FDA reports based on earlier data suggested that no serious injuries had occurred from the contaminated tablets. Upon follow-up, the company told us that analyzed samples of the returned product showed that contaminant quantities were too small to cause human illness; the company instead believes the media surrounding the recall led consumers to blame the drug for gastrointestinal illnesses that were likely the result of other causes. Nevertheless, according to the reports we reviewed, hundreds of consumers believed the contaminated Tylenol made them ill. Reports included 172 cases of hospitalization, 28 deaths, 3 cases of disability, and 3 cases described as life threatening. Eleven of the 28 deaths involved patients who were older (75 to 91 years old) and may have had complicating illnesses. Eight other reported deaths contained very little detail, making it difficult to evaluate whether the contaminated Tylenol played a role in the fatal outcomes. The cause of the remaining 7 fatalities requires further investigation by FDA. Thus, a direct link between these reports of death and the contaminated Tylenol product could not be established or ruled out from these data alone. Unfortunately, just a few weeks ago, the company again announced the recall of Tylenol caplets after consumers reported becoming sick after ingesting the pills and/or smelling a moldy odor in the bottle.

Given such a large product recall, the unusual type of product contamination, and hundreds of adverse event reports claiming injury, we believe FDA should ensure that a complete and objective scientific investigation is conducted regarding the risk of harm from the contamination, including investigation into other explanations for the reported adverse events such as unusual sensitivity to the TBA contaminant and contamination in larger concentrations in some of the recalled tablets. Then, the results of such an investigation should be published.
The full QuarterWatch™ report can be viewed at:

Editor’s note: On October 30, 2010 Pfizer announced a recall of LIPITOR (atorvastatin) after receiving reports of a musty odor consistent with the presence of 2,4,6-tribromoanisole (TBA). This provides further evidence to substantiate the need for FDA to investigate potential harm from TBA, as suggested in the above paragraph.

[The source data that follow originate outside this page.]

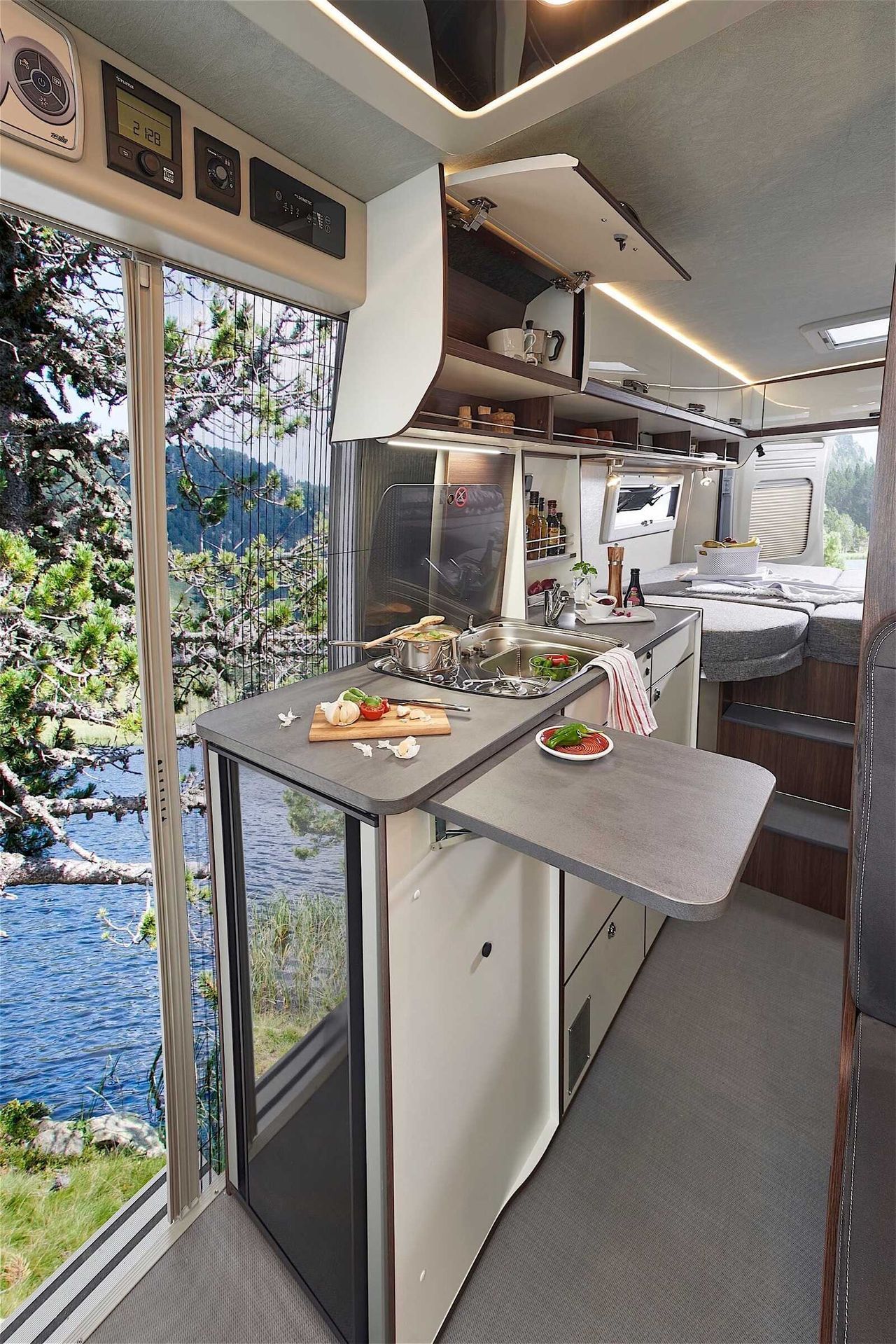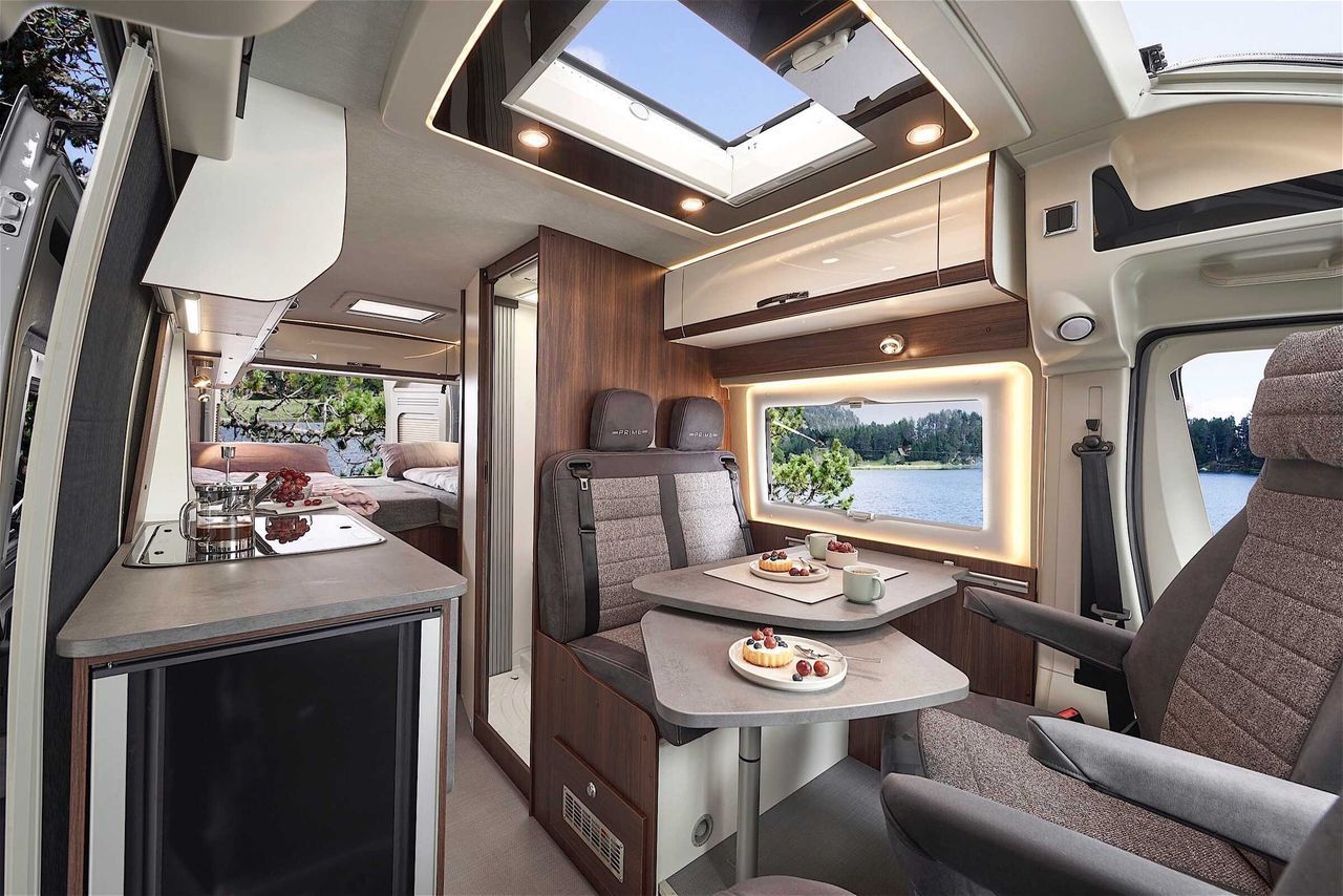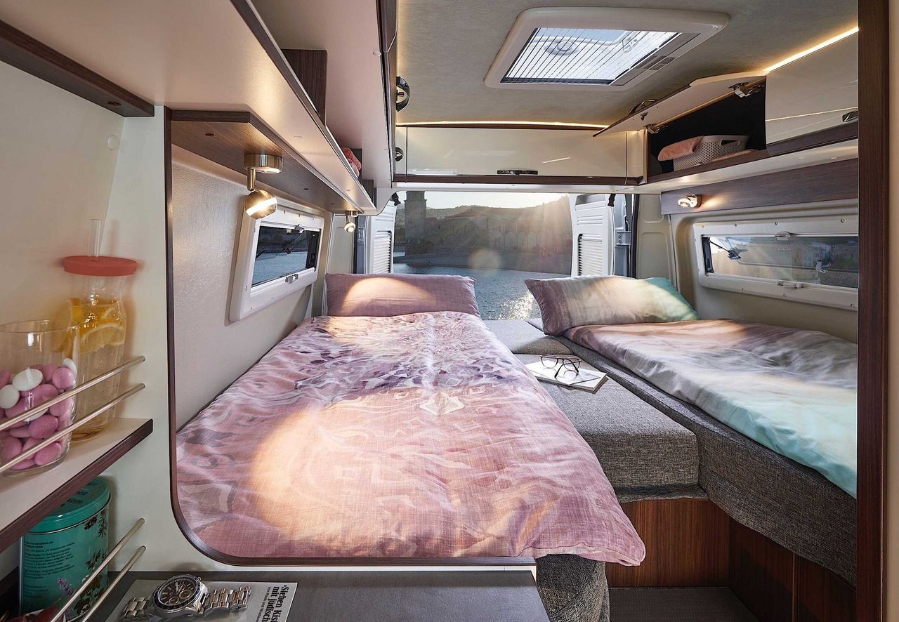 Sa dinette agréable et lumineuse pour une ambiance conviviale. Sa cuisine latérale pratique et fonctionnelle est équipée d’un réchaud 2 feux, évier et plan de travail rabattable. En face, une salle d’eau avec WC, lavabo, et une douche spacieuse. A l’arrière, ce sont des lits jumeaux, pour des nuits confortables et agréables. Sans oublier ses nombreux rangements astucieux !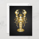 Golden polygonal lobster crawfish on black holiday postcard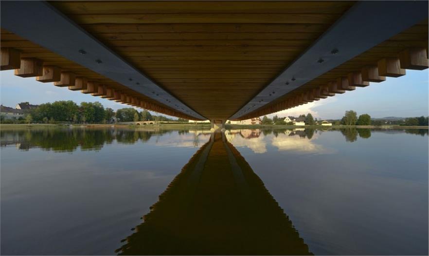 這座位于蒂申羅伊特德跨河拉伸張力大橋是由ANNABAU建筑事務所和Schüßler-Plan工程公司共同完成的作品。概念源起于兩個團隊在2013年Landesgartenschau Tirschenreuth花園節(jié)上的作品,如今兩個團隊將其延伸發(fā)展成現(xiàn)在的大橋。這座人行橋總長度為85米,橫跨河上。大橋將蒂申羅伊特老城區(qū)市中心與對岸的休閑娛樂廣場聯(lián)系起來。木結構的橋身充分體現(xiàn)了當地以木材文明的悠久歷史,彰顯出鄉(xiāng)土建筑的傳統(tǒng)魅力所在。木橋之上的鋼筋拉伸支撐結構采用了最小化的結構設計,從而使整個橋的外觀與水面和周圍自然環(huán)境更加相容,完全沒有突兀的感覺。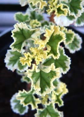 Straff aufrechte, schnell verholzende Zweige. Wächst völlig anders als die meisten Duftpelargonien. Sehr kleine, gelb-weiß panaschierte harte Blättchen. Ganz starker, wunderbar reiner Zitronen-Blattduft!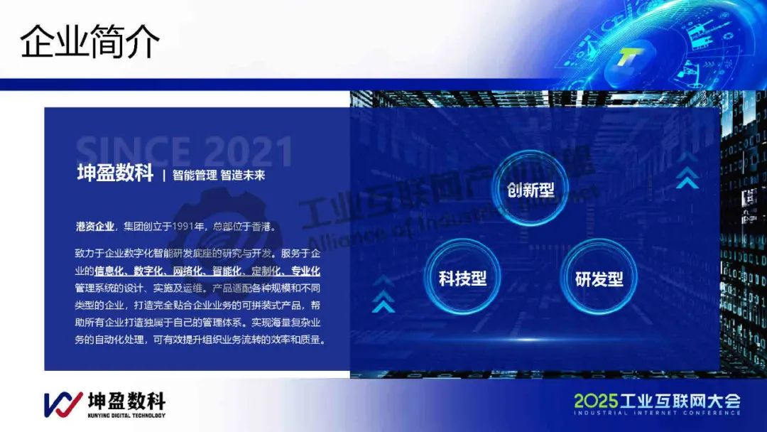 5月22日,在2025工業(yè)互聯(lián)網(wǎng)大會“新型工業(yè)控制與智能互操作發(fā)展專題活動”上,北京坤盈數(shù)科智能科技有限公司總經(jīng)理張譽發(fā)表了《企業(yè)數(shù)字化研發(fā)底座》的主題演講。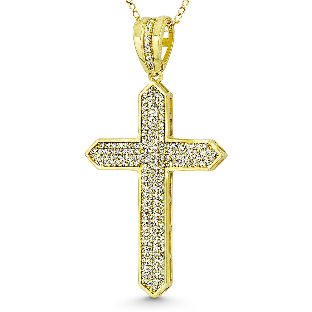 Loading... Please wait...The featured pendant is cast in 14k yellow gold-plated .925 sterling silver and showcases a passion cross paved with cubic zirconia crystal clusters then finished with a large & sturdy bail that will accommodate most chain sizes.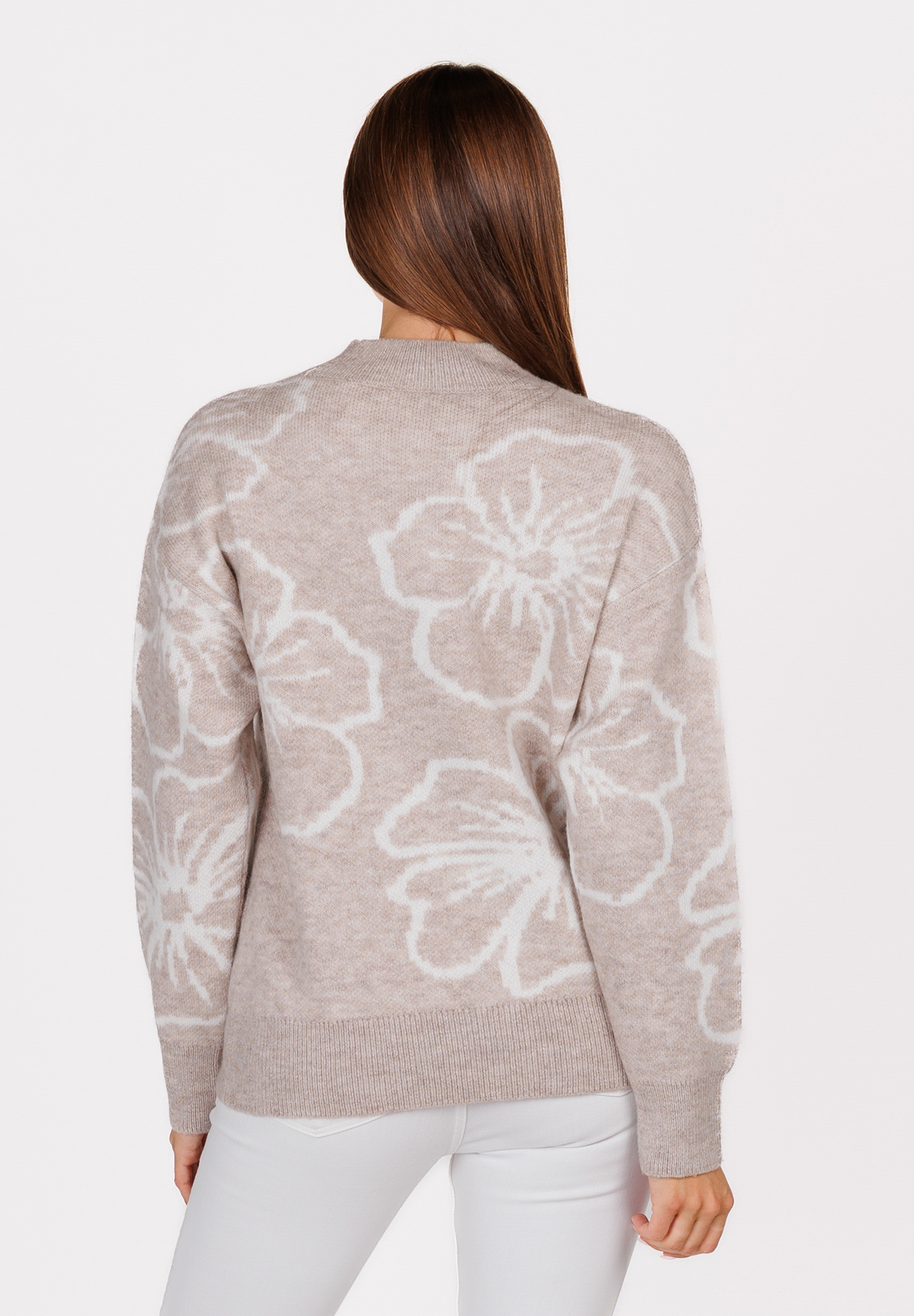 Winterpullover mit floraler Leichtigkeit und weichem Griff. Die großflächigen Blüten sorgen für einen Hauch Poesie auch an frostigen Tagen.
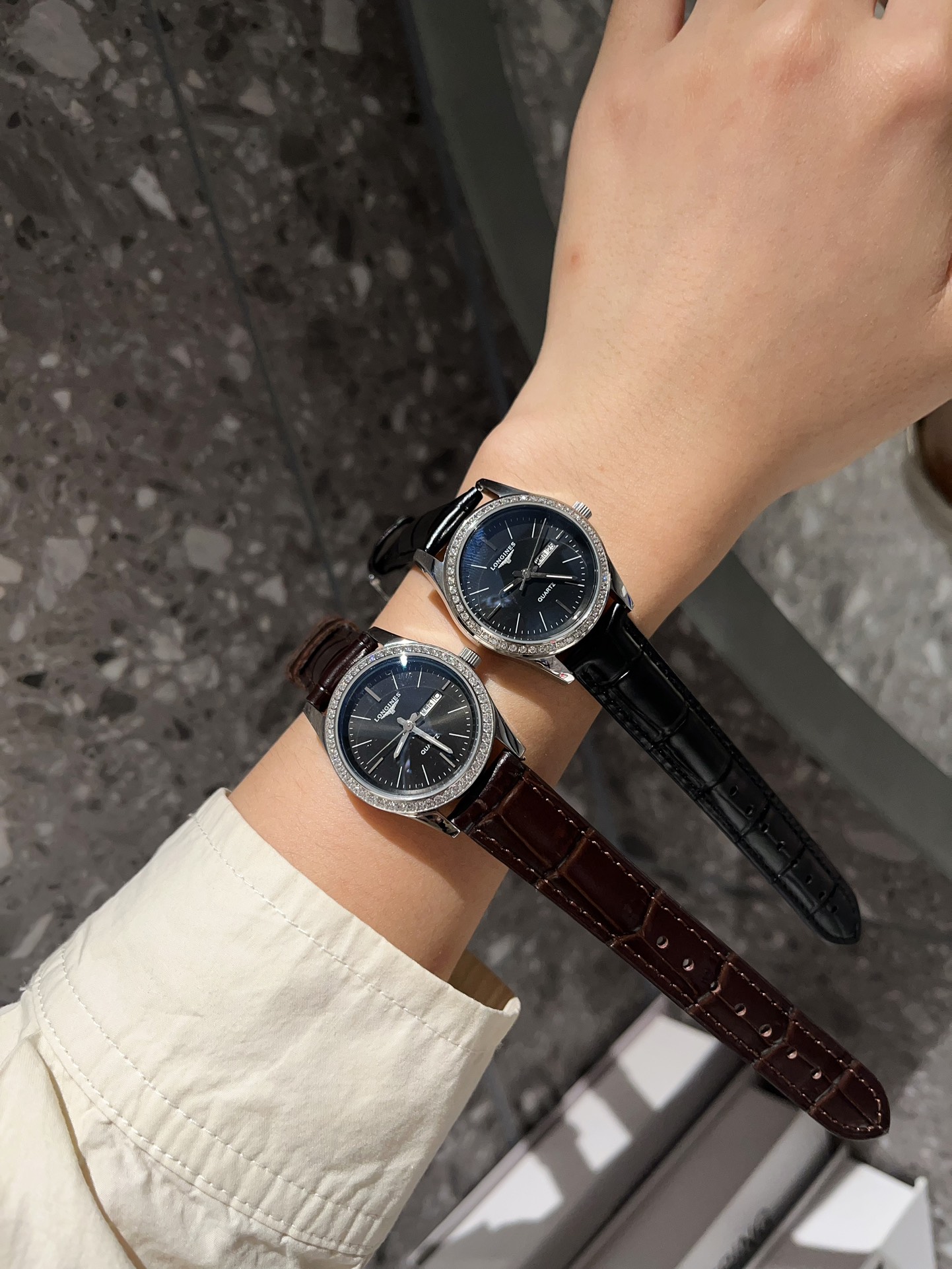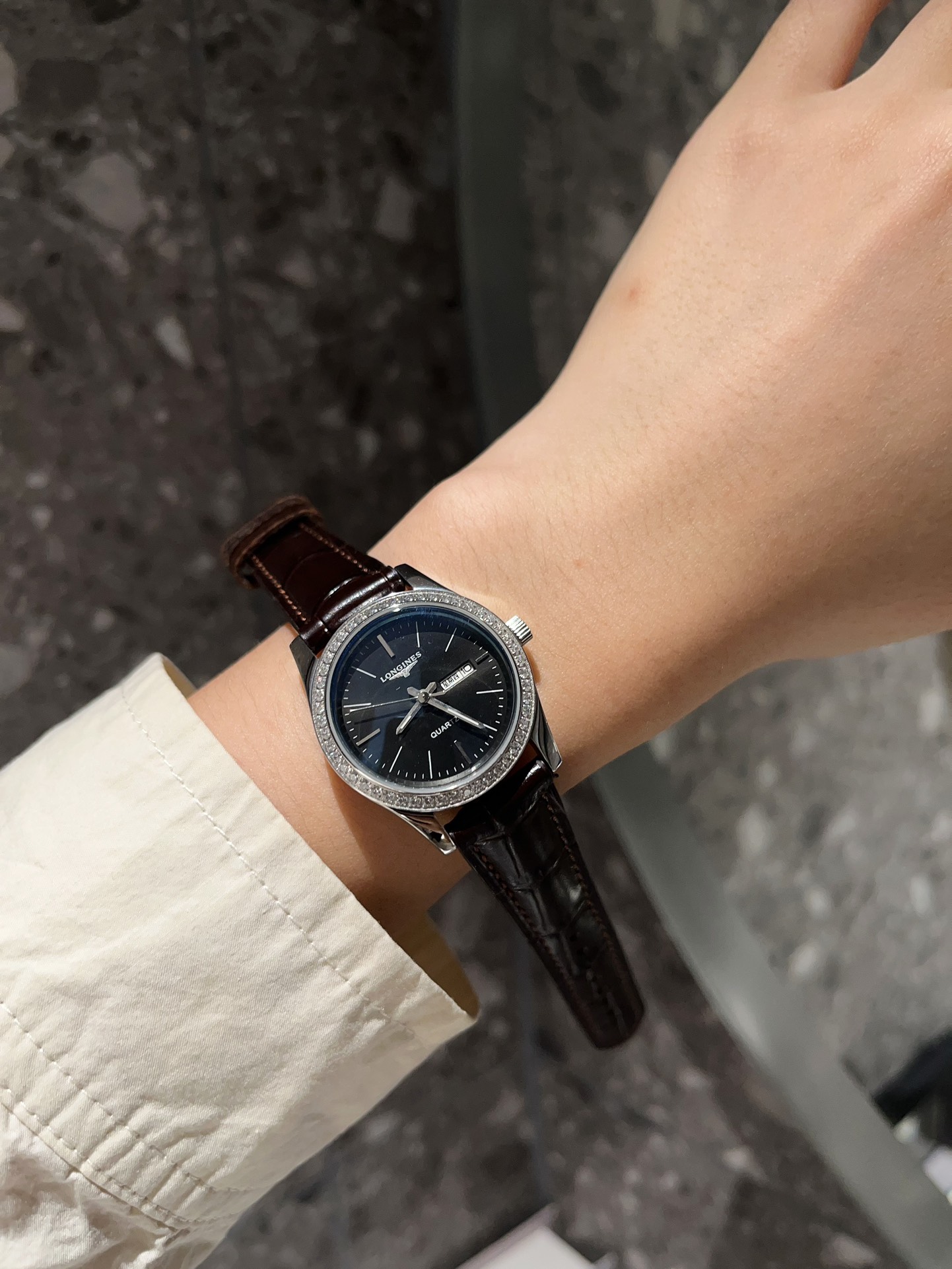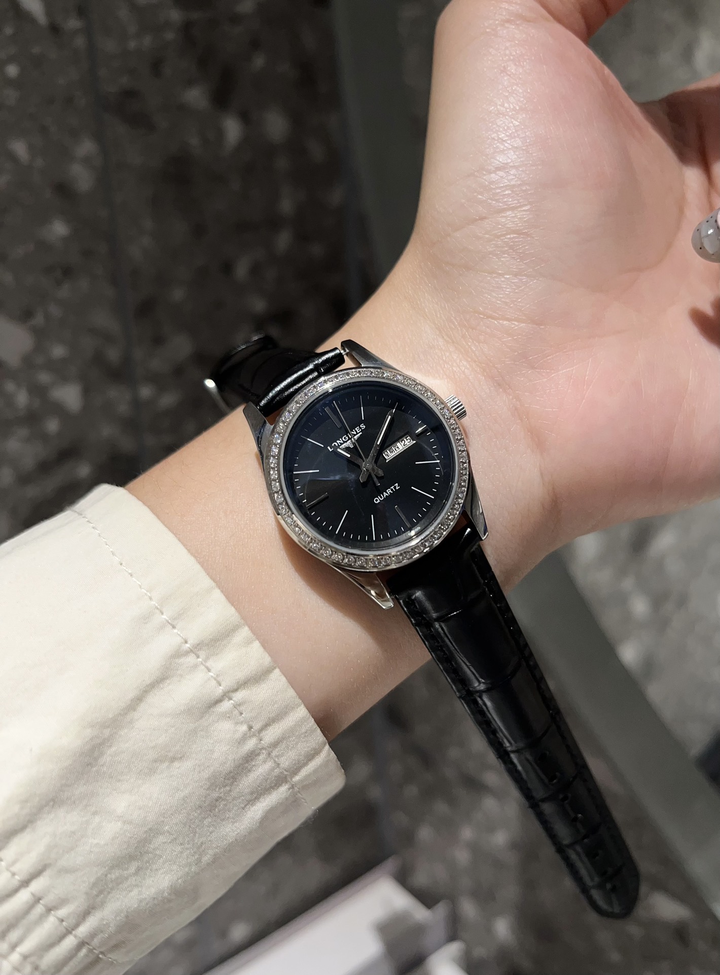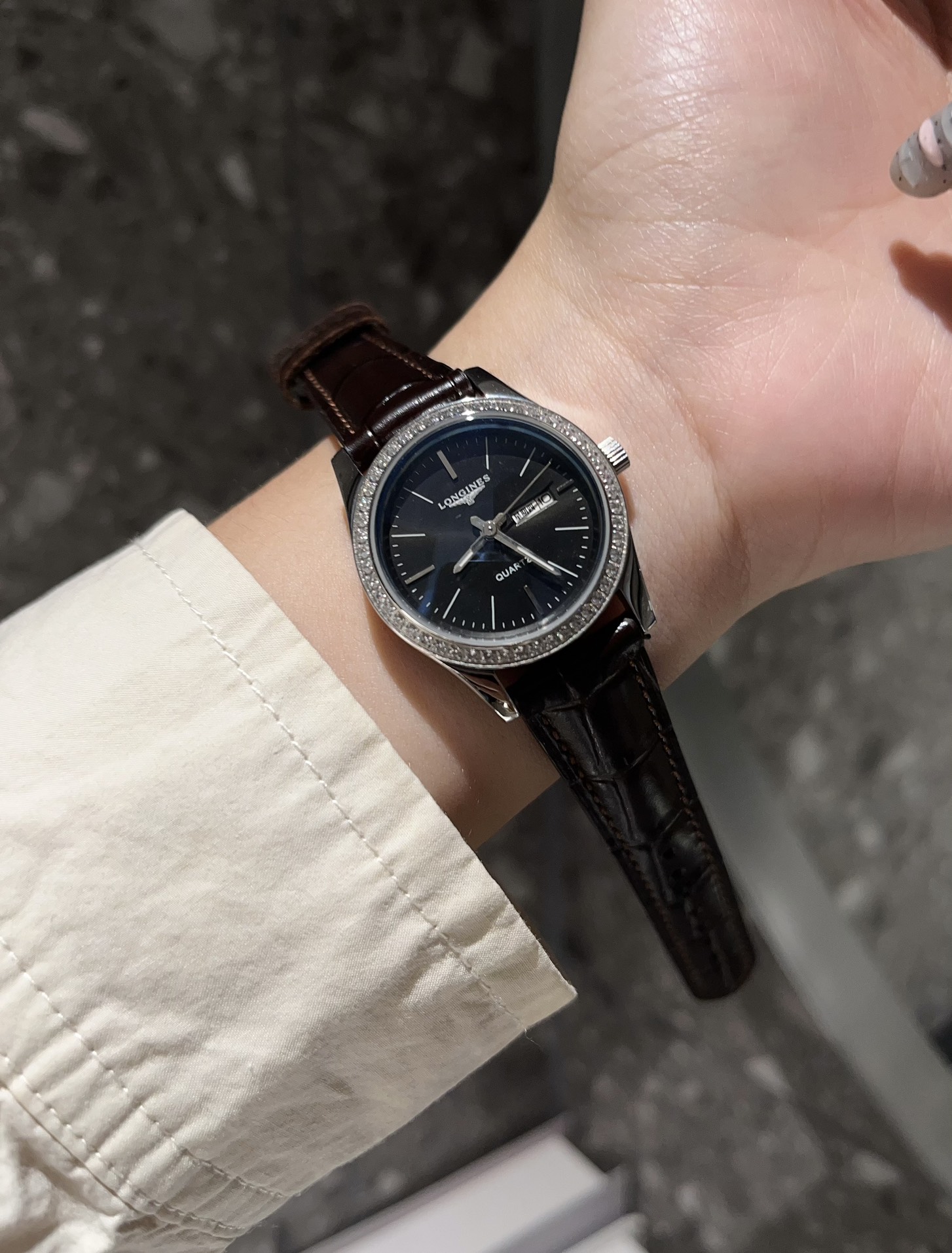 这款手表是AAAAA 1:1 质量 (非常棒). 使用了和原版一模一样的材料. 商标部分也保持了和浪琴/Longines一样. 图片拍摄是实物手表拍摄, 您所收到的实物保证和我们图片一模一样.

1) Bronstein AC, Spyker DA, Cantilena LR, et al. 2008 annual report of the American Association of Poison Control Centers’ National Poison Data System (NPDS). Clin Toxicol. 2009; 47(10):911-1084.
2) Moreschi G, Freidlin V. Clinical Review NDA 21-913 Dronedarone hydrochloride. Silver Spring, MD: Food and Drug Administration; 2006.
3) Hohnloser SH, Crijns HJGM, van Eickels M, et al. Effect of dronedarone on cardiovascular events in atrial fibrillation. N Engl J Med. 2009;360(7):668-678.
4) Karkowsky A. Cross Discipline Team Leader Review Application Number: 22-425. Silver Spring, MD: Food and Drug Administration; 2009.
5) Tschuppert Y, Buclin T, Rothuizen LE, et al. Effect of dronedarone on renal function in healthy subjects. Br J Clin Pharmacol. 2007;64(6):785-791.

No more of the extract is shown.